═════ SOURCE INFORMATION

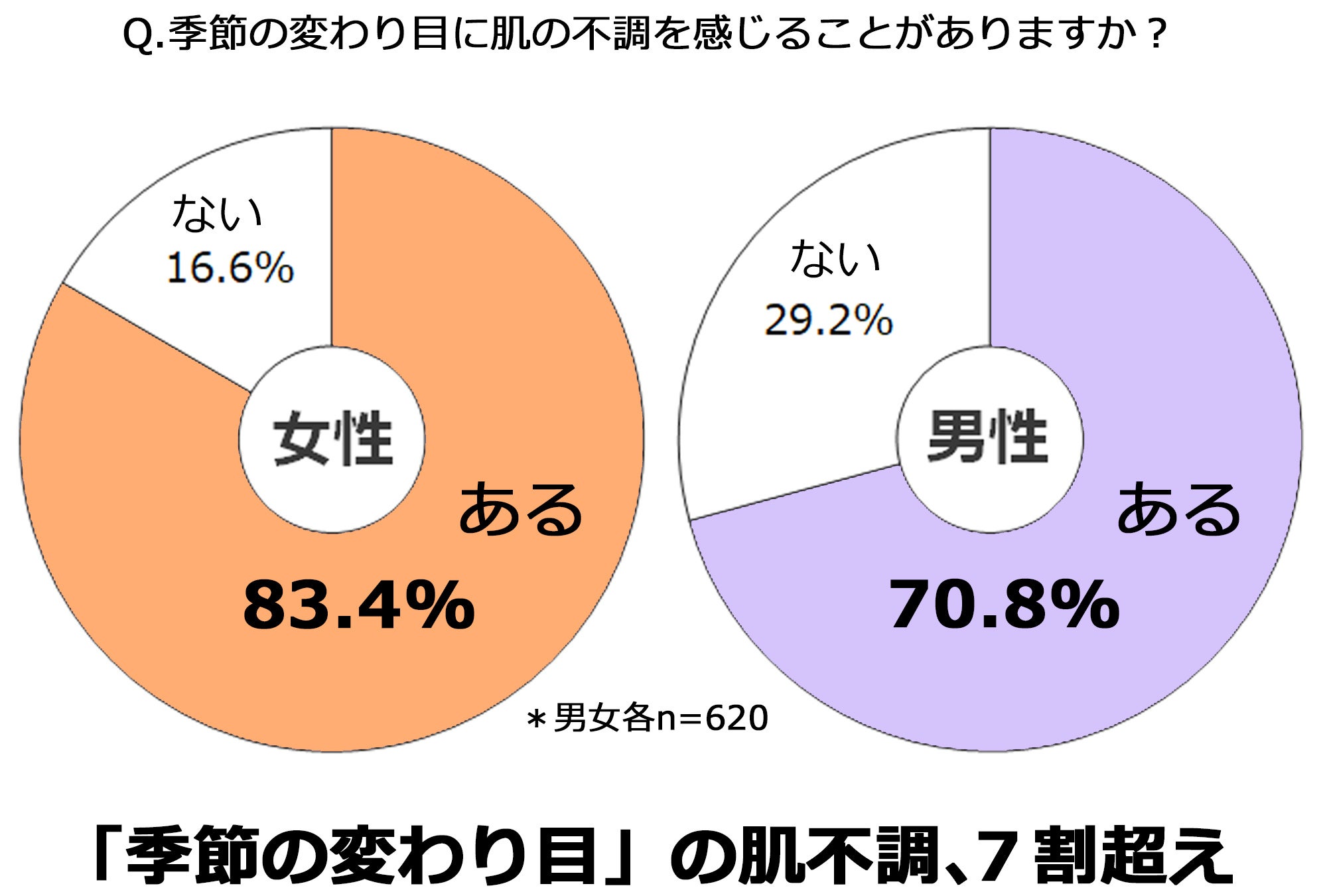 続いて、一時的に肌の不調を感じることがあると回答した男女各620人に、季節の変わり目に不調を感じるか尋ねました。すると女性は、83.4%、男性は70.8%と、男女ともに、季節の変わり目に不調を実感している人が多いことがわかりました。
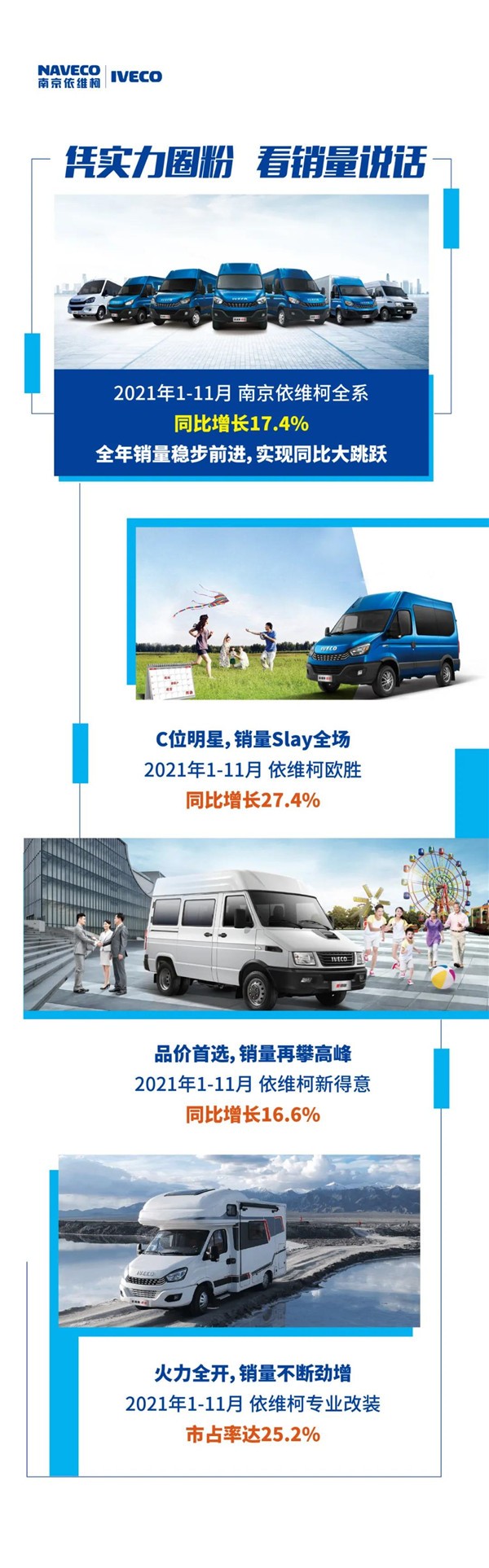 持续发力,乘势而上。2021年,南京依维柯产品市场表现可谓是“势不可挡”。根据数据显示,1-11月全系同比增长17.4%,依维柯专业改装,更是火力全开,销量不断劲增,市占率高达25.2%。其中,C位明星依维柯欧胜,销量slay全场,同比增长27.4%;品价首选依维柯新得意,销量再攀高峰,同比增长16.6%,其全年销量稳步前进,实现同比大跳跃,引发业内与消费者广泛关注。
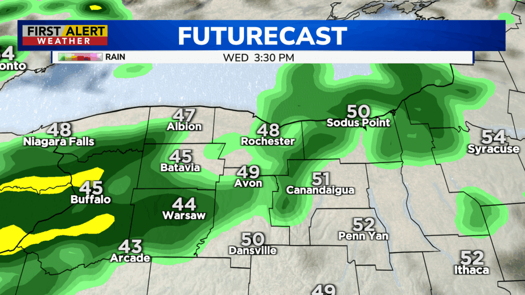 ROCHESTER, N.Y. – Fall is in the air, and in the weather! An large upper level low moving in Tuesday night will park itself over us for much of the rest of this week. This will keep us cooler than average, breezy and unsettled with frequent lake effect rain showers. Breaking down the details: rain showers will pick up a bit after midnight, meaning a damp start in some spots Wednesday morning. While Wednesday won’t be a washout, we’ll have some off and on waves of lake rain showers. These showers will tend to be most persistent off of Lake Erie, which means areas west and south of Rochester. It’ll be cool, with highs in the lower 50s and a noticeable breeze out of the southwest, gusting to 30 mph at times.
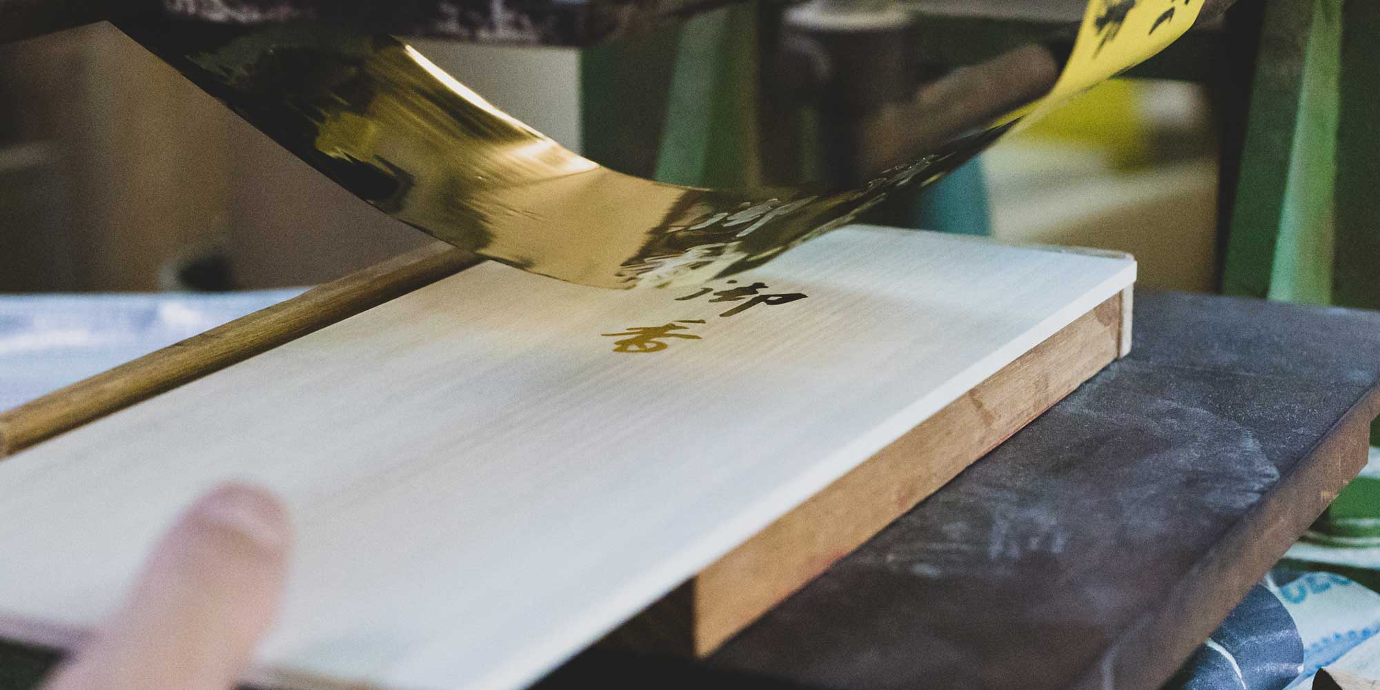 比較的高級な内容物を収める桐箱に使用される印刷技法の一つです。こちらは、印鑑のように版を押し当て、同時に桐箱に着色するもので、印圧によりすこし窪みができるのが特徴です。
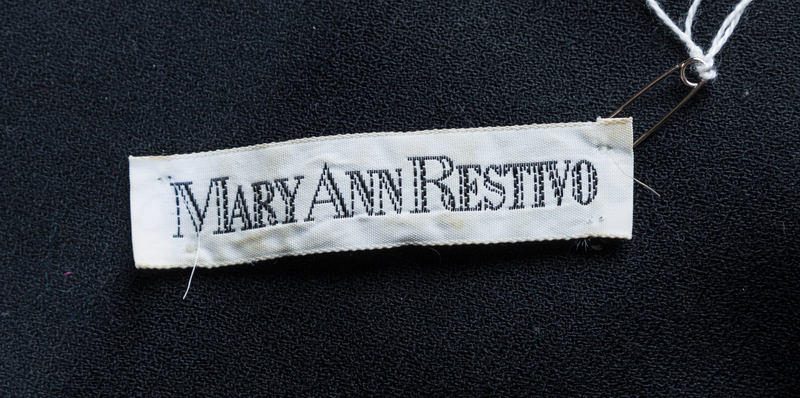 with a notched lapel, a chest patch pocket with ribbon detail, matching ribbon detail on the plain cuff, three button front closure, a fitted waist, a pleated pant with side slip pockets and a front zip closure; together with a removable slide belt.Labeled: Mary Ann Restivo.

══════════

* ACTIVITY *
Omit the pictures and print the listing exactly.

* RESULT BELOW *
 続いて、一時的に肌の不調を感じることがあると回答した男女各620人に、季節の変わり目に不調を感じるか尋ねました。すると女性は、83.4%、男性は70.8%と、男女ともに、季節の変わり目に不調を実感している人が多いことがわかりました。
 持续发力,乘势而上。2021年,南京依维柯产品市场表现可谓是“势不可挡”。根据数据显示,1-11月全系同比增长17.4%,依维柯专业改装,更是火力全开,销量不断劲增,市占率高达25.2%。其中,C位明星依维柯欧胜,销量slay全场,同比增长27.4%;品价首选依维柯新得意,销量再攀高峰,同比增长16.6%,其全年销量稳步前进,实现同比大跳跃,引发业内与消费者广泛关注。
 ROCHESTER, N.Y. – Fall is in the air, and in the weather! An large upper level low moving in Tuesday night will park itself over us for much of the rest of this week. This will keep us cooler than average, breezy and unsettled with frequent lake effect rain showers. Breaking down the details: rain showers will pick up a bit after midnight, meaning a damp start in some spots Wednesday morning. While Wednesday won’t be a washout, we’ll have some off and on waves of lake rain showers. These showers will tend to be most persistent off of Lake Erie, which means areas west and south of Rochester. It’ll be cool, with highs in the lower 50s and a noticeable breeze out of the southwest, gusting to 30 mph at times.
 比較的高級な内容物を収める桐箱に使用される印刷技法の一つです。こちらは、印鑑のように版を押し当て、同時に桐箱に着色するもので、印圧によりすこし窪みができるのが特徴です。
 with a notched lapel, a chest patch pocket with ribbon detail, matching ribbon detail on the plain cuff, three button front closure, a fitted waist, a pleated pant with side slip pockets and a front zip closure; together with a removable slide belt.Labeled: Mary Ann Restivo.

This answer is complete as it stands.